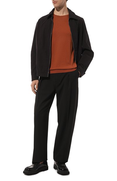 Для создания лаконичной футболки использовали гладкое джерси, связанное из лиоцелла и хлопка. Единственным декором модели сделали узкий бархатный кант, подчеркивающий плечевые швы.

____

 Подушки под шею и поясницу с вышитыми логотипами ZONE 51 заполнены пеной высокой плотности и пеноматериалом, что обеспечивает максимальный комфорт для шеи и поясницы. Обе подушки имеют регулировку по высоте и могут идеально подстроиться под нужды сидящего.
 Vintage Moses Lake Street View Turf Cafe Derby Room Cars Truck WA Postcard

____

# What is needed
From the data above, reproduce word for word the lines running from the line with "Подушки под шею" to the line with "Vintage Moses Lake", ends included.

# Answer space
 Подушки под шею и поясницу с вышитыми логотипами ZONE 51 заполнены пеной высокой плотности и пеноматериалом, что обеспечивает максимальный комфорт для шеи и поясницы. Обе подушки имеют регулировку по высоте и могут идеально подстроиться под нужды сидящего.
 Vintage Moses Lake Street View Turf Cafe Derby Room Cars Truck WA Postcard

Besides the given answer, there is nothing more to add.